Again useful as many molluscs tend to retreat into their shell upon
attack. The convulsions apparently prevent this from occurring
(Woodward 1990). Let's take a close look at the evolution of the cone
snails.
PHYLOGENY AND EVOLUTION
Cone Snails are molluscs of Class Gastropoda, Order Neogastropoda,
and Superfamily Toxoglossa. Toxoglossa contains the families
Terebridae, Turridae, and Conidae. The specialized mode of feeding
described above is exclusive to the Toxoglossa. Most, but not all, of
its members feed in this way (Kantor 1990). The only living members of
the Family Conidae are Conus species. Distinctions between Turridae and
Conidae are very vague and some taxonomists include both in Conidae.
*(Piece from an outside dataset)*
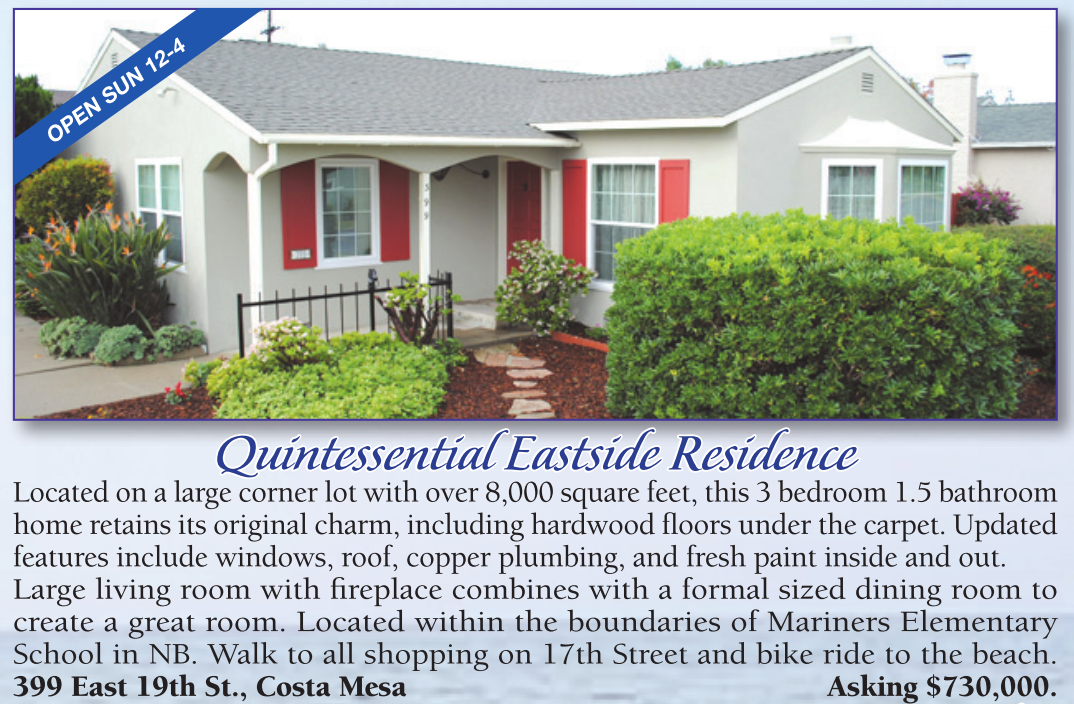 home retains its original charm, including hardwood floors under the carpet. Updated features include windows, roof, copper plumbing, and fresh paint inside and out. Large living room with fireplace combines with a formal sized dining room to create a great room. Located within the boundaries of Mariners Elementary School in NB. Walk to all shopping on 17th Street and bike ride to the beach. 399 East 19th St., Costa Mesa Asking $730,000.

Taxonomic classification of the Toxoglossa varies depending on who is
writing the paper but the above is not iconoclastic (Kohn 1990).
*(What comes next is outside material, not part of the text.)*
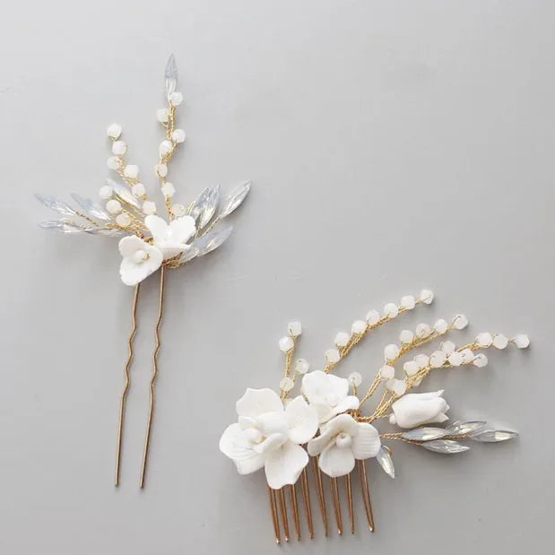 Porcelain Flower Hair Comb Pin Clip Leaf Head Piece For Brides Bridesmaids Crystal Hairpins Wedding Accessories Bridal Jewelry

The first Cone Snails appeared after the Cretaceous-Tertiary
boundary approximately 55 million years before the end of the
Pleistocene epoch (Kohn 1990). Current counts of species in the genus
Conus are around 500, making it perhaps the largest single molluscan
genus (Olivera 1991). Figure 4 shows a kite diagram of Conus species.
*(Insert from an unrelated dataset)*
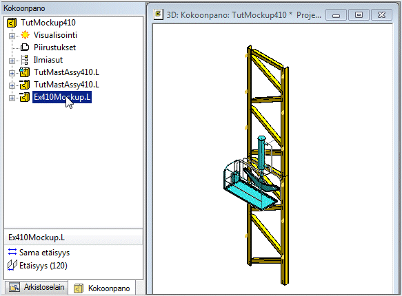 Esikatselemalla osaa tai alikokoonpanoa näet helposti, missä se sijaitsee ja millainen se on. Valitse joko osa tai alikokoonpano kokoonpanopuussa, jolloin siihen liittyvä geometria havainnollistetaan mallissa.
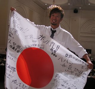 なお石田はメキシコでの試合に備えて今月5日にロサンゼルス入りし、同地でトレーニングを続けている。さぞや困惑していることだろう。写真は8月5日大阪市内で催された壮行会の石田。

You can see an expansion of the genus through the upper Miocene where
species number drops as we enter the Pliocene. This reduction in
species number of most gastropods and other invertebrates is
characteristic of this epoch (Raup 1976). Then very rapid speciation
occurs in the Pleistocene leading to the recent count of 500 (Kohn
1990). Geographic radiations occurred as well, expanding their
geographic range from Coastal European origins to the Indio-Pacific
region (Kohn 1990).
The striking feature of Conus evolution is the large number of
species contained in the single genus that only appeared since the
extinction of the dinosaurs. Attempts to explain this rapid
evolutionary radiation fall generally along two lines. Did Conus find a
new adaptive zone to invade or did some "key innovation" (usually
morphological) occur that helped them succeed (Kohn 1990)? As with most
adaptive radiation stories, the answer is unclear. The answer to
weather Conus entered a new adaptive zone is difficult to say. The main
evidence for this would come from the fossil record which has so far not
proved to be very elucitory. I feel that the key innovation hypothesis
warrants a closer look as these are no ordinary venomous snails. Their
venom is very unusual.
CONUS VENOM
The venoms of the cone snails contain short peptides called
Conotoxins. Each species' venom contains a mixture of these toxic
peptides along with other molecules. Figure 5 shows an HPLC analysis of
a peptide fraction from Conus Magnus venom. One can see the multiple
peaks and the biological activity induced in mice by each of theses
fractions (Olivera 1991). In their active form, these peptides consist
of only 10 to 30 amino acids. They have a highly conserved cysteine
"backbone" which provides for multiple cross-linked disulfide bonds as
the peptide folds. Many animals have toxic peptides with disulfide
cross-linking but none are as short as the Conotoxins (Olivera 1991) .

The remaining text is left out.